I had read the same article and knew that we had a Constitutional Oak tree in town, but really had never heard about a descendent of the Charter Oak tree. I also knew that many people had confused the two trees and thought our Constitutional Oak was a descendant of the Charter Oak; it is NOT.
The Charter Oak was a white oak tree and the Constitutional Oak was a pin oak tree, not common to this area. Then to my surprise, I spoke to Alex Nole, a longtime resident, who informed me that he had a descendant of the Charter Oak growing in his yard. He said he received it several years ago as a gift from his family. His tree came with documentation stating that it was grown from a seed taken from a descendant of the original Charter Oak. Alex also mentioned that he thought Mrs. Jane Woodard, who in the 1960's was the delegate from Wolcott on the Connecticut Constitution Revision Committee, had received a seedling that she had planted somewhere in town.
I spoke to Jane's daughter, Sue Scully, who thought it might have been planted in the vicinity of the Town Green, but really wasn't even sure if there was a tree, so I checked out our Town Green; it does not contain any oak trees. I did check around the Town Hall and found many oaks, but only two that looked like white oaks.
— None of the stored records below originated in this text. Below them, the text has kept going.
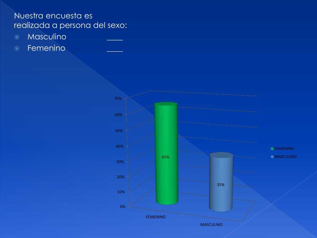 Nuestra encuesta es realizada a persona del sexo: • Masculino ____ • Femenino ____
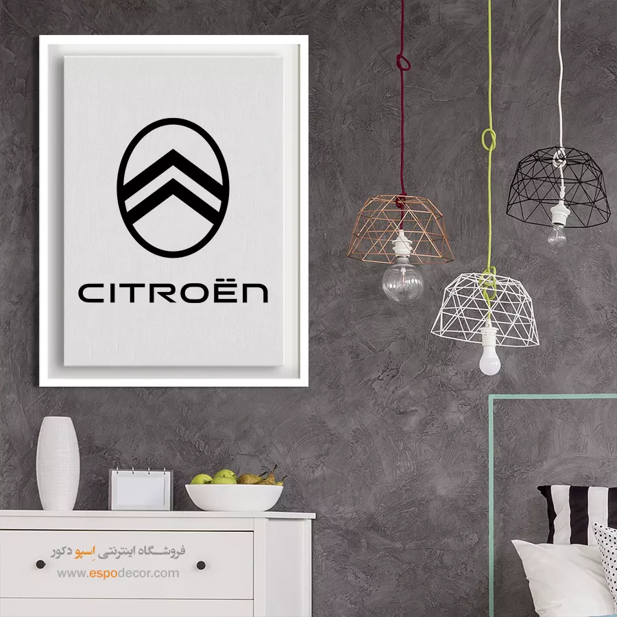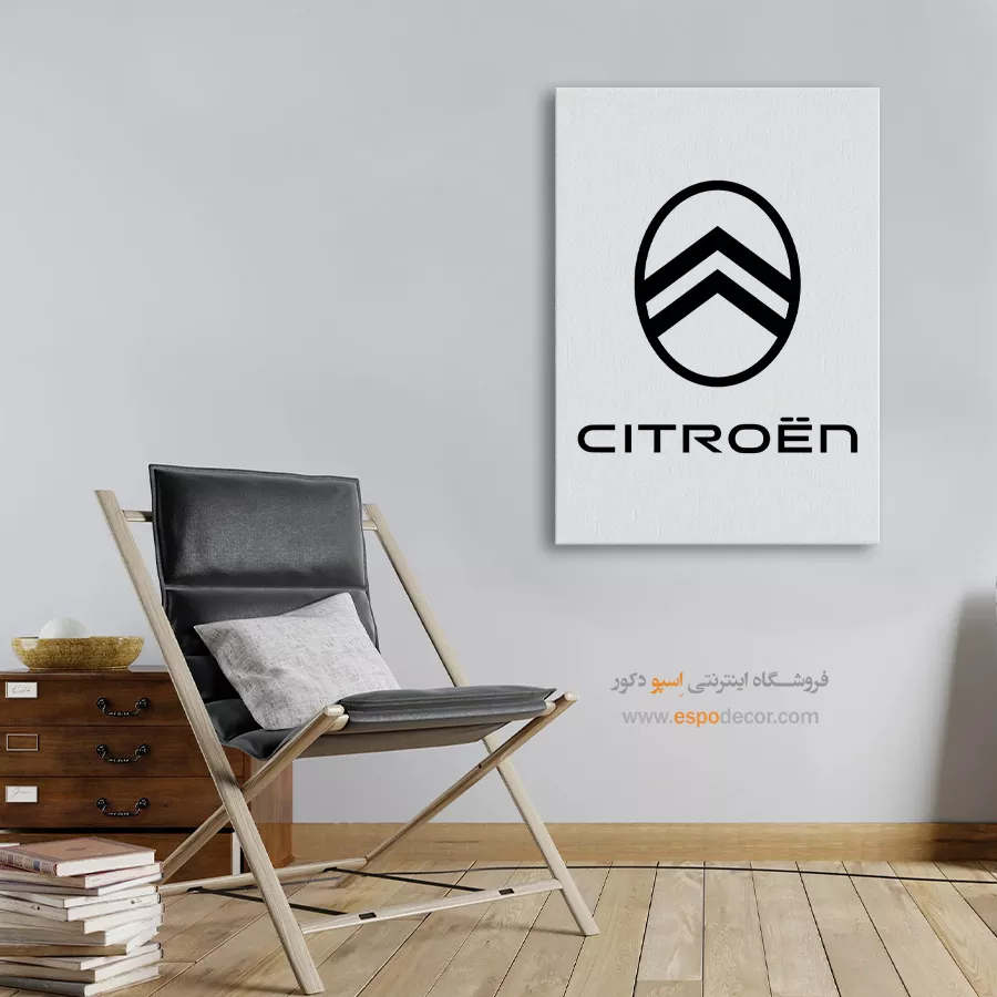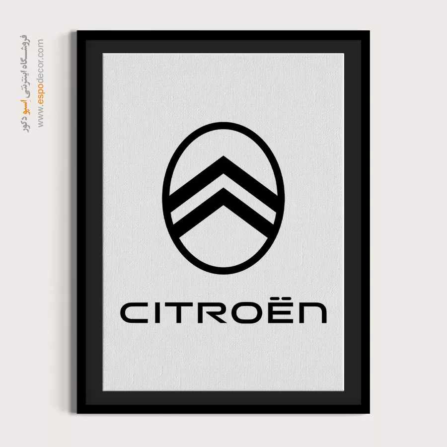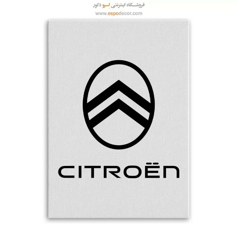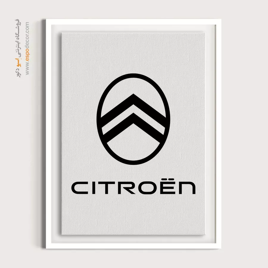 تابلو بوم لوگوی رسمی **Citroën** تجسمی از نوآوری و اصالت مهندسی فرانسوی است که با نماد دو قاچ و طراحی مینیمال، حسی از پیشرفت را منتقل میکند؛ این اثر هنری با **چاپ با کیفیت گالری** و تمرکز بر خطوط برشخورده روی بوم کتان مرغوب، یک قطعه دکوراتیو مدرن و باوقار، موجود با قابهای مدرن مشکی و سفید است.
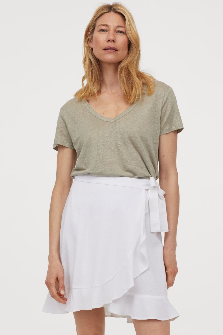 Linen-blend Wrap Skirt - White - Ladies | H&M US 1
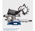 A húzó funkciónak köszönhetően a gérvágó fűrész könnyedén vág akár 340 mm széles és 65 mm magas munkadarabokat. A stabil dupla oszlopos vezetőnek köszönhetően a fűrészlap pontosan vezethető a munkadarabon keresztül. A széles fogantyú és a fűrészlap-védő maximális biztonságot nyújt a gérvágó fűrész felhasználójának.
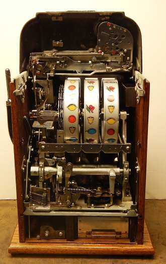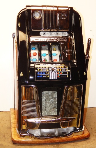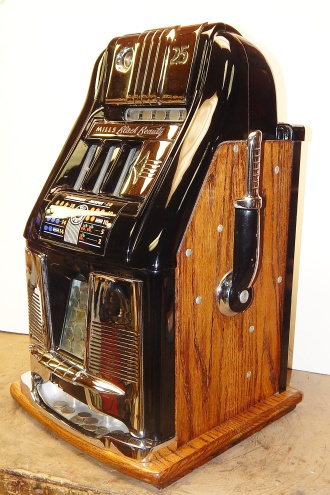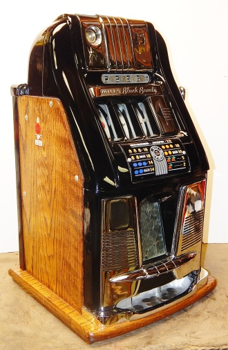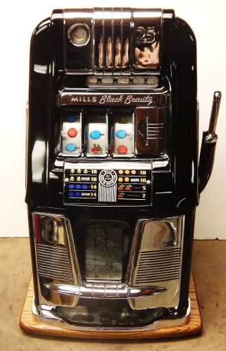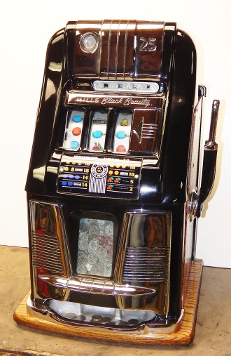 Mills 1950 Black Beauty 25 cent, This is a very nice previously restored machine, Gloss Black with chrome plated trim. This machine does not have a working Jackpot, Play very nice and pay as it should.
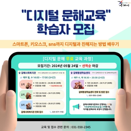 | ▲ 구리시, 2024년 디지털 문해교육 수강생 모집 |
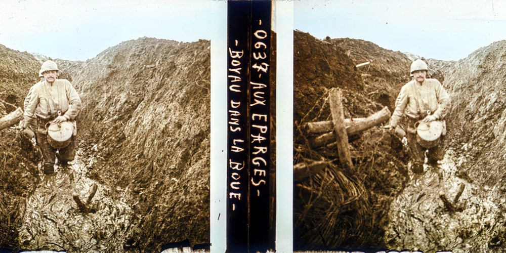 boyau dans la boue aux Éparges - mud-filled communication trench Les Éparges

I spoke with several other residents that might have remembered if Jane had planted a tree and they had never heard about it. I spoke to our Town Clerk and she checked out minutes from town meetings in the 1960's, but could not find any information concerning the tree. I also spoke to John Washburne's daughter, Kathy Shea, and she didn't remember anything about it. Thus, we both agreed that if the tree existed, her dad would have surely documented it in the town's 175th Anniversary book in 1971.
Finally, I checked out and old article from the Bristol Press that Wolcott Trader wrote in 1976 concerning our Constitutional Oak. In that article, John Washburne also mentioned the confusion between the two trees, but only stated that we had a Constitutional Oak tree.
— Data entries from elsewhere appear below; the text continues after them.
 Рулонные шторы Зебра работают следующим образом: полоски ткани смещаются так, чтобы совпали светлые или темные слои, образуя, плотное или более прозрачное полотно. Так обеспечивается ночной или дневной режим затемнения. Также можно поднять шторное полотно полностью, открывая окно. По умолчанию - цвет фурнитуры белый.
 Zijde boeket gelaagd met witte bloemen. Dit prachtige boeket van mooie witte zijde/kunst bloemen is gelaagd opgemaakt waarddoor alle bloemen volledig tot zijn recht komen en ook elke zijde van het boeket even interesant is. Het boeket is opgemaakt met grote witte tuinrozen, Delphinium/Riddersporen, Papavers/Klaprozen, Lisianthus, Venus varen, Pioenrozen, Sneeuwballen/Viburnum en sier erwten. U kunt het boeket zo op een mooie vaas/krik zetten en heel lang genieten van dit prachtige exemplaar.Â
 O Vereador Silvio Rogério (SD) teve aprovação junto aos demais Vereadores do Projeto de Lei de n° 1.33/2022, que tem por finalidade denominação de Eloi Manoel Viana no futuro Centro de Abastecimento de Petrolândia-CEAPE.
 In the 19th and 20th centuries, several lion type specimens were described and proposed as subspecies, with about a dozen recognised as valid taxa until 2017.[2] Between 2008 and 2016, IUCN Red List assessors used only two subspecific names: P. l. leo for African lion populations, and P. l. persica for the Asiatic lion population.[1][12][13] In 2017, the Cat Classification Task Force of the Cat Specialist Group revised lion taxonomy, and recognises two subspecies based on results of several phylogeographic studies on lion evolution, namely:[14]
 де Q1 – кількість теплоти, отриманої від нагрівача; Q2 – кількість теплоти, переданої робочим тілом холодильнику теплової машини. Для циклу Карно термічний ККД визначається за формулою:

In the meantime, I had emailed George Krimsky at the Waterbury Republican American to ask if he had received any other e-mails concerning such a tree in Wolcott; he had not. He did tell me that a second article on the subject was forthcoming, which would list the names of the towns that had descendants of the tree and Wolcott was not one of them. So as of this date, to my knowledge, Alex Nole has the only descendant to the Charter Oak.
Also in his second article, George explained the confusion between the two trees that I previously mentioned. So to clear up all confusion, I too would like to tell you about Wolcott's Constitutional Oak tree.
The story of our Constitutional Oak tree begins in October of 1901, when a vote was taken to hold a Constitutional Convention in Hartford to revise the existing constitution. (It had previously been revised in 1818.) Although the electors voted to hold the convention, they were concerned about the proposed changes. In 1902, the U.S. Department of Agriculture presented each of the 168 delegates with a pin oak tree seedling to commemorate the passing of the proposed revisions. They were to be planted in their hometowns in public places and be known as "Constitutional Oaks" as memorials to the expected new state constitution, but the revisions never passed.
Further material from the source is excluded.